Just as players have a set of unwritten rules, so too do general mangers. Sometimes, those rules intersect.
We saw an example of that recently, when the Dodgers placed Carlos Monasterios on the disabled list.
Los Angeles had claimed the pitcher from the Phillies in the Rule 5 draft, meaning that if he didn’t stay on the big league roster all season, they had to return him to Philadelphia. Monasterios, however—who lasted all of six and two-thirds innings over his previous two starts combined, giving up 10 runs in the process—was making that proposal difficult.
To judge by appearances, Los Angeles didn’t want him pitching in the major leagues, but didn’t have the leeway to send him to the minors. The solution: DL. The cause: a blister and a split nail on his pitching hand.
Such a move, should it be bogus, would be illegal. According to the Los Angeles Times, it was questionable:
How’s the blister?
“It doesn’t affect me,” Monasterios said.
What about the nail?
“There’s nothing wrong with the nail,” he said.
It’s not the first time this sort of maneuvering has happened this season.

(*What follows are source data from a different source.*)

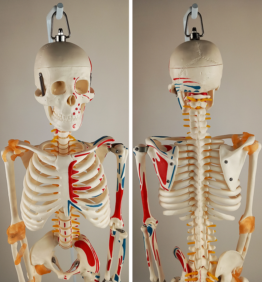 (Гнущийся позвоночник + раскрашенные кости + обозначение мышц суставов).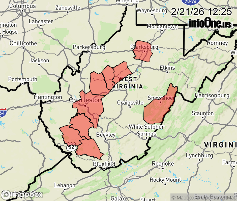 Canceled 2/21/26 3:26 PM Winter Storm Warning issued February 21 at 12:24PM EST until February 24 at 1:00AM EST by NWS Charleston WV * WHAT... Heavy snow expected. Total snow accumulations between 4 and 5 inches. Winds gusting as high as 35 mph. * WHERE... Portions of central, northeast, northern, and southern West Virginia. * WHEN... From 1 AM Sunday to 1 AM EST Tuesday. * IMPACTS... Roads, and especially bridges and overpasses, will likely become slick and hazardous. Travel could be very difficult. The hazardous conditions could impact the Monday morning and evening commutes. ![]() |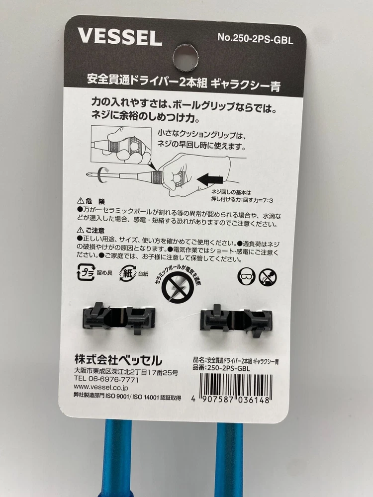 Description [ Uses] For chipping in electrical work, and removing screws from switchboards and terminal blocks. [Features] Head style: plus/minus Materials: Ceramic ball: ceramic, nut: soft steel wire, shaft: Si-Cr-V steel, handle: CA+TPE ●Limited color Galaxy (Blue) ●Built-in ceramic ball that does not conduct electricity. ●Uses zirconia ceramic, which is the strongest, most rigid, and most abrasion-resistant of all ceramics. ●Large nut that can be hit with a hammer. ●The cutting edge is black point processed with high precision. Shipping We will ship by Speed PAK Economy International Buyers - Please Note: Import duties, taxes, and charges are not included in the item price or shipping cost. These charges are the buyer's responsibility. Please check with your country's customs office to determine what these additional costs will be prior to bidding or buying. Thank you for your understanding.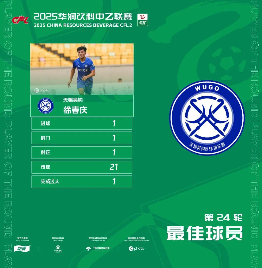 在2025华润饮料中乙联赛第24轮比赛中,无锡吴钩坐镇主场对阵深圳二零二八。比赛下半场第60分钟,徐春庆接到直塞后,带球突破至禁区前沿起脚抽射破门,帮助球队扩大比分。最终,徐春庆打入一球,帮助无锡吴钩2比0战胜对手。

The Mets used the disabled list in a similar fashion, but for far different reasons.
When New York placed Oliver Perez on the DL, they claimed it was due to patella tendinitis. To many outsiders, however, it was because Perez was pitching too putridly to risk using. (The team would perhaps have a need in “extra innings or something like that,” said manager Jerry Manuel in the New York Post at the time, “but it’s going to be tough to find spots for him.”)

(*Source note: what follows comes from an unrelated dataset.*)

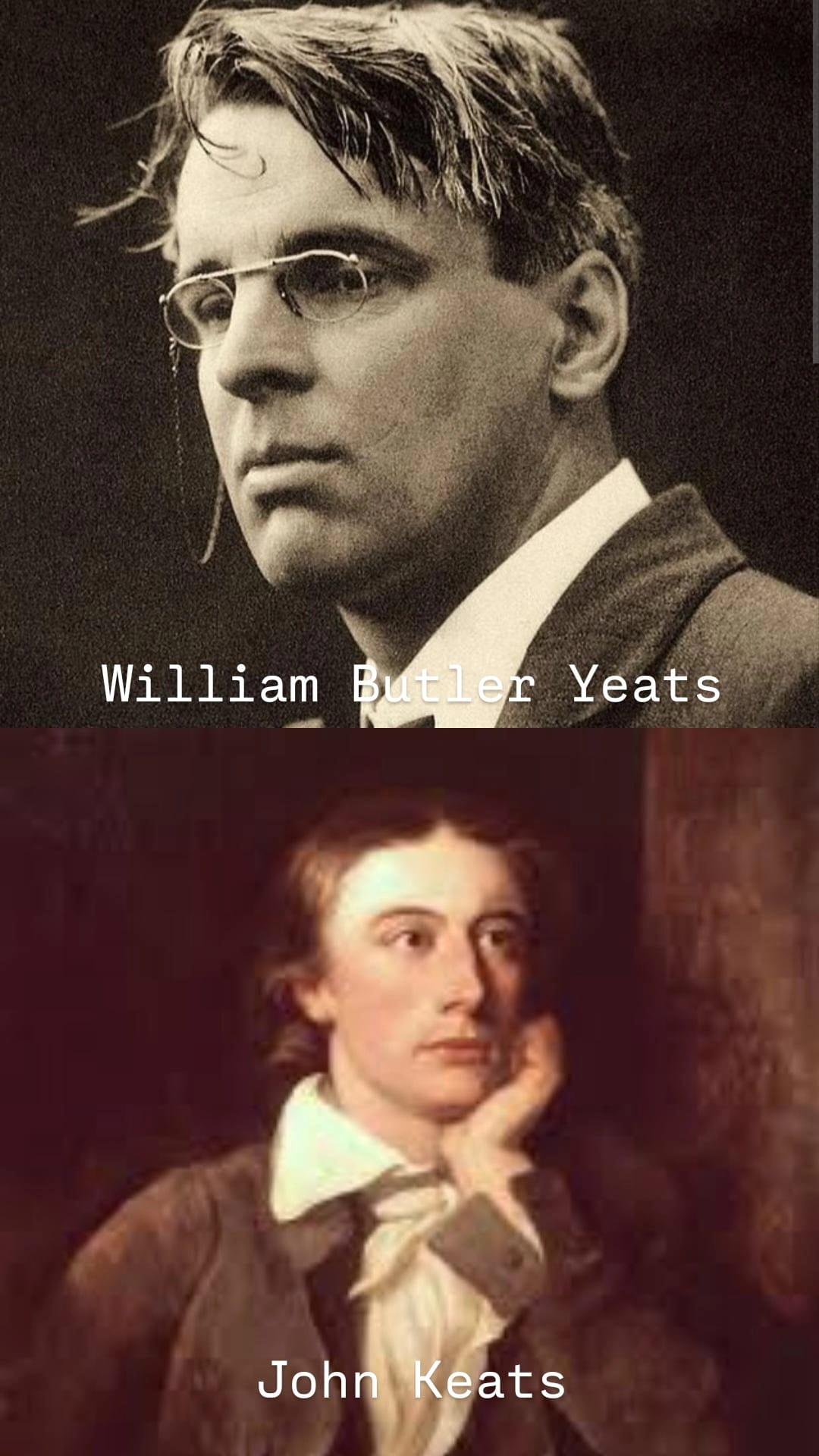 Irish poet and playwright William Butler Yeats (1865–1939) shifted from romanticism to modernism in his writings. He had a deep fascination with spirituality, nationalism, and mythology. Yeats's later poetry often discusses aging and the search for immortality through art, reflecting his personal pondering on life and death.

Perez had contract leeway to refuse a minor-league assignment. The Mets were unwilling to eat the $20 million they owe him over the next three years. (Said an unnamed Mets player in the Post: “At some point you have to cut bait. You owe him a lot of money, but for what?”)
So they did the next best thing—they stashed him on the DL (and not for the first time), or at least it appears that way. As with the Monasterios situation, this would be illegal were it true.
The commissioner’s office stepped in to review the situation, and Perez ultimately decided to accept a stint in the minors, albeit as a rehab assignment rather than as a demotion.
Sound shady? Of course it does. Just like the pitcher who denies intent after hitting a batter, the teams in question paint themselves as virtuous and true—at least according to their own PR.
Take Dodgers manager Joe Torre, who defended the Monasterios move. “Is it there or is it not?” he asked in the Times. “It’s not like I’m making up something. It’s there.”